There are Six Phases to the Software Development Life Cycle (SDLC), and Xano is designed to support you and your team through each one.

Before you start building, we wanted to share some best practices around how to think about creating your product or service. If you don't need to learn this, you can go straight to setting up your Database.

When you have an idea for an app or a project that you'd like to build, it's easy to feel overwhelmed and not even know where to begin. Regardless of whether you're on your own or with a team, it's important to have a framework around how you approach designing, launching, and maintaining your application. Luckily, when building in Xano, you can leverage a tried and tested methodology called the Software Development Life Cycle (SDLC).

There are Six Phases to the Software Development Life cycle, and Xano was designed to support you and your team through each one.

1. Planning/Analysis

The first stage of the SLDC usually consists of two parts which start with gathering requirements from your customers or relevant stakeholders, ensuring you are solving a real problem, then analyzing the feasibility of creating the product, revenue potential, cost, and more. Once you decide what you're building is in line with stakeholder goals, addresses user needs, and is feasible to create, you can move to the second stage.

2. Design

The design phase is where you start to put your ideas to paper. This might include creating actual designs in a tool like Figma, or going higher level and using a tool like Miro to create a wireframe or flowchart.
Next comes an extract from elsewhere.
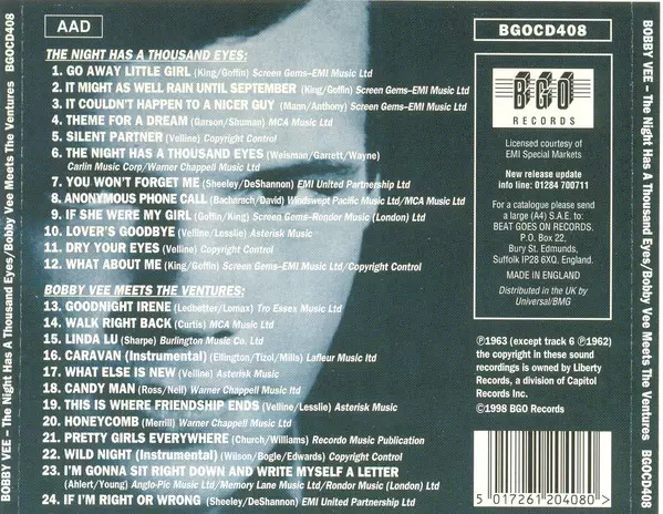 | Tytuł | The Night Has Thousand Eyes/ Bobby Vee Meets The Ventures |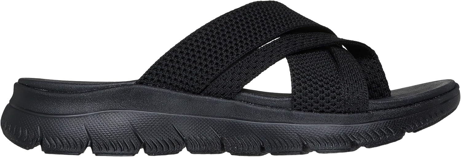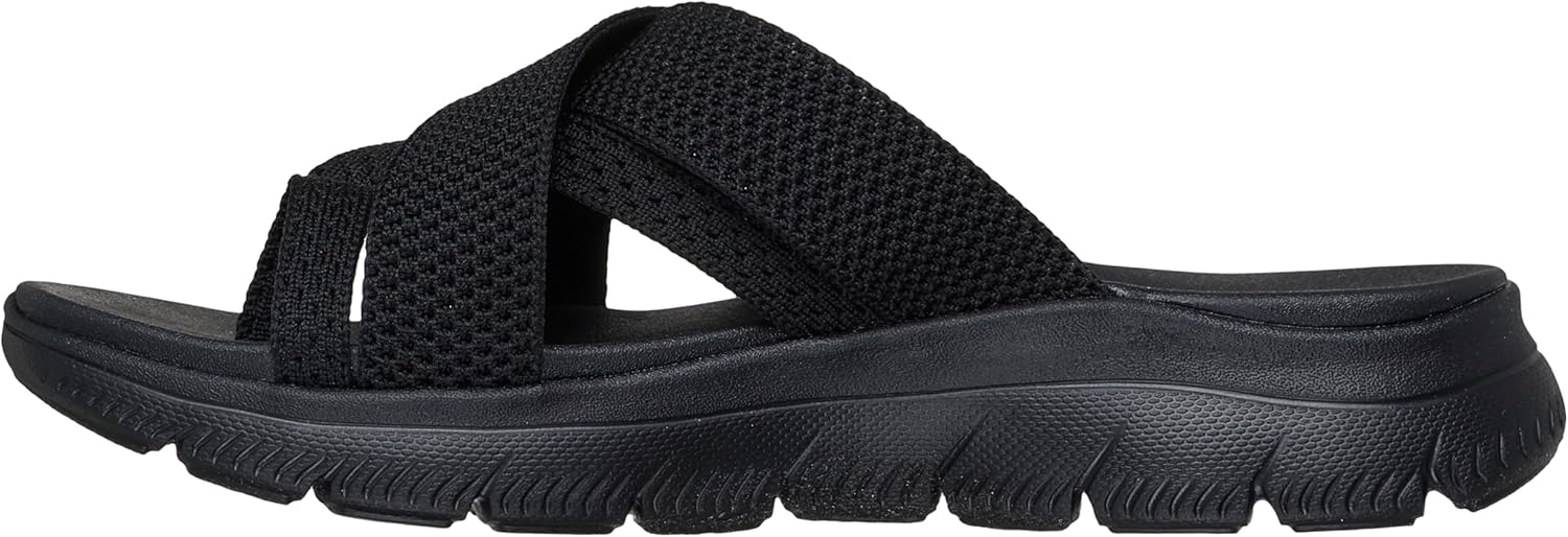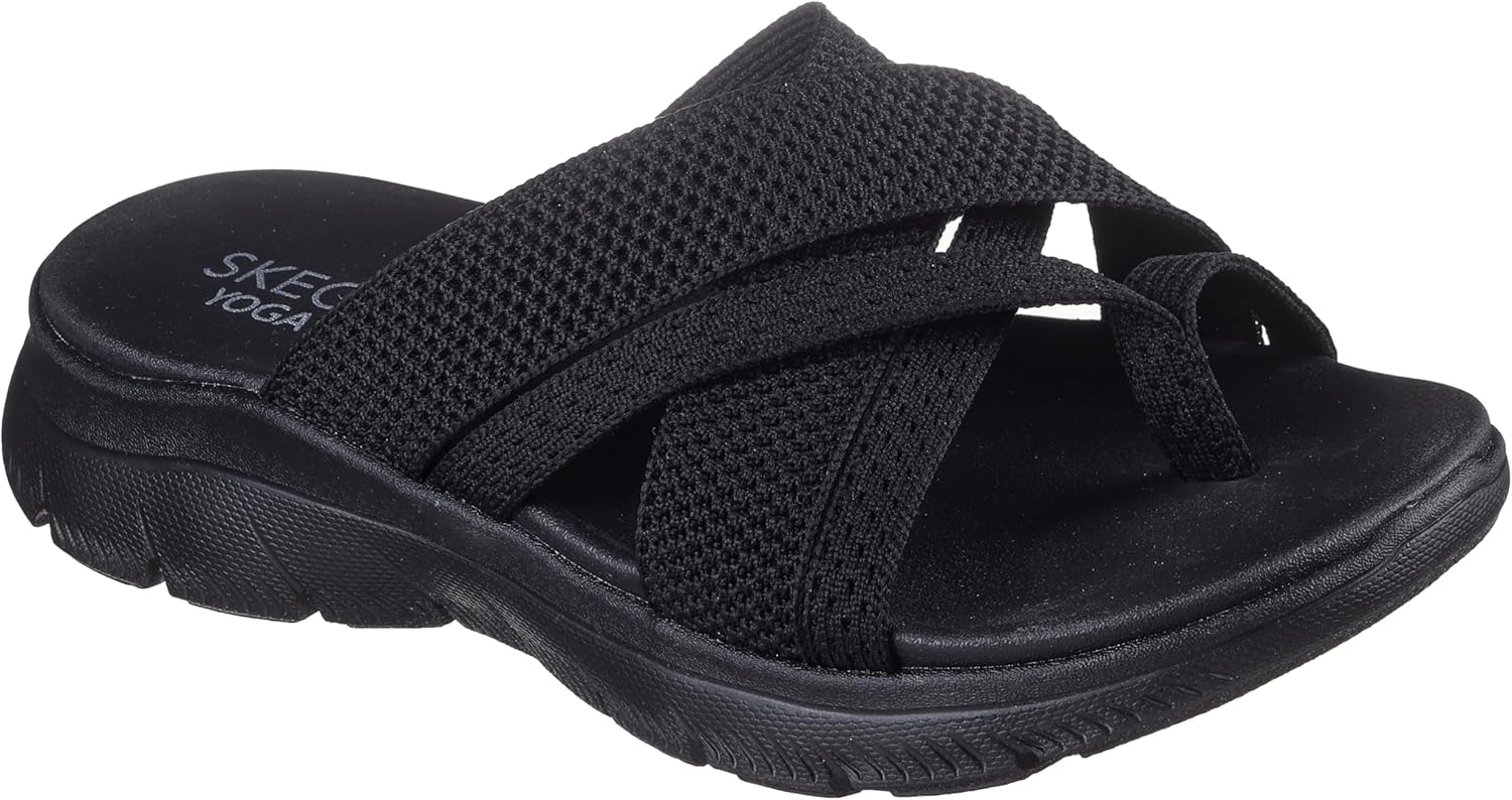 Step into comfort with these womens sandals from Skechers. The Summits Fantasy Walk sandals for women feature a breezy knitted strappy upper design perfect for casual wear. These comfortable sandals for women include a cushioned Yoga Foam footbed and flexible traction outsole. The vegan-friendly construction and machine washable design make these sandals both ethical and easy to maintain.

From a Xano perspective, this is where you would start designing a data model (video tutorial).

3. Development

With a solid foundation to work with, this phase is where the actual development happens and where you turn specifications and designs into an actual product. This phase usually takes the most time, so setting expectations with yourself and the stakeholders you are working with is important.
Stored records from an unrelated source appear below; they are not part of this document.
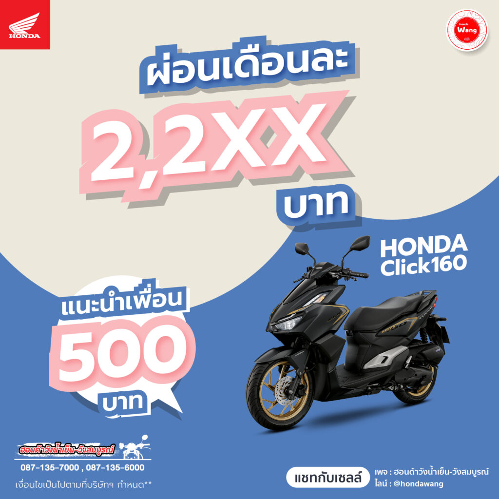 เป็นเจ้าของ Honda CLICK160 ผ่อนเริ่มต้นเพียง 2,2xx บาท/เดือน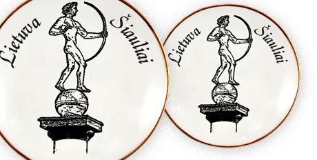 Suvenyras – porcelianinė lėkštutė magnetas Šiauliai – Auksinis berniukas. Lėkštutė papuošta auksine juostele.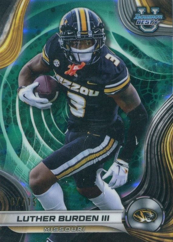 This card is 1 of 35 Luther Burden III's card variations in the 2024 Bowman Best University set being tracked by Sports Card Investor, including Base, Refractor, Speckle Refractor, Aqua Refractor /225, and Blue Refractor /149.
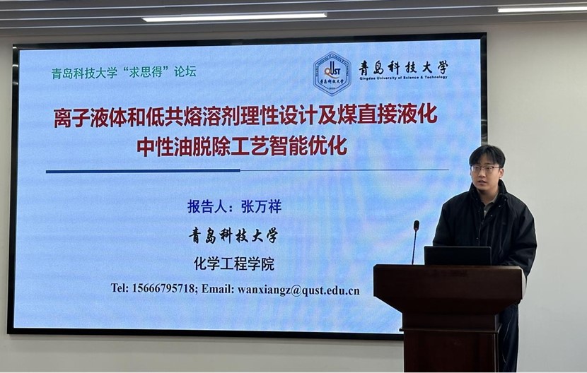 2025年12月12日上午9时,青岛科技大学化工学院“求思得”论坛在CCF楼814学术报告厅成功举办。本次论坛特邀我校特聘副教授张万祥老师作题为“离子液体和低共熔溶剂理性设计及煤直接液化中燃油脱除工艺智能优化”的专题学术报告,吸引了百余名研究生参加。

Xano helps accelerate this stage with features like:

If you're working with a team, you can leverage Xano features like real-time collaboration to seamlessly work within the same workspace, or create Branches and Merge them in when you're ready to move to the testing phase.

4. Testing

Before launching any product or service, it's important to have everything tested. At this phase, you would have a quality assurance (QA) team step in to run tests, but if you're on your own, you'll need to think through every part of testing your product which is more than just fixing critical bugs.
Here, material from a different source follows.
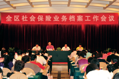 2010年9月27日,自治区档案局与自治区社会保险事业局在南宁联合召开全区社会保险业务档案工作会议。会议提出,要站在“对历史负责、为现实服务、替未来着想”的高度,深刻认识做好社保业务档案工作的重要性和紧迫性,以《广西壮族自治区社会保险业务档案管理暂行办法》和《社会保险业务档案管理达标验收细则》为依据,明确思路、突出重点,抓规范、打基础,加大投入、严格管理,努力实现社保业务档案工作的“四个转变”。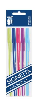 Golyóstoll készlet, 0,7 mm, kupakos, 5 különböző testszín, ICO "Signetta Mix", kék

This might sound easier than it seems, but it's essential to test all the different permutations and ways that your users might interact with your application. Here are some different types of testing that you can do in this phase.

  • Performance testing Is your product ready to handle the traffic/storage requirements?

  • Functional testing Does your application meet the requirements set for in the Planning/Analysis phase?

  • Security testing Is your data in a secure place, and do you meet the appropriate compliance certifications within your country, or if you're dealing with sensitive data?

  • Unit testing Does every part of your app work the way it's supposed to?

  • Usability testing Do your users actually understand how to use your app?

Xano provides a few features to help you in this phase. Using Data Sources can help you use dummy data without affecting what will be live in production. Our API Builder supports Drafts to help you and your team get things right before Publishing. Branches can be used to create separate testing environments (Development, Staging, Production). For more complex use cases, Xano also supports Xano Link, which allows you to keep all of your Workspaces and Instances in sync with a master so your customers have a consistent experience.

5. Deployment

Now the fun begins. The Deployment stage is where your product or service is shipped to its intended user(s). This process can depend on the nature of what is being released; however, it's best practice to launch to a small set of users (typically called a canary release).

6. Maintenance

Maintenance is typically the last stage of the SDLC; however, in today's world, people are moving toward a more Agile software development approach where the product or service is continually improved, and sometimes the feedback from users makes it necessary to go back to the first step of the SDLC. This is why most images of the SDLC that you find are circular because it is a process that keeps repeating itself once you find something that's working.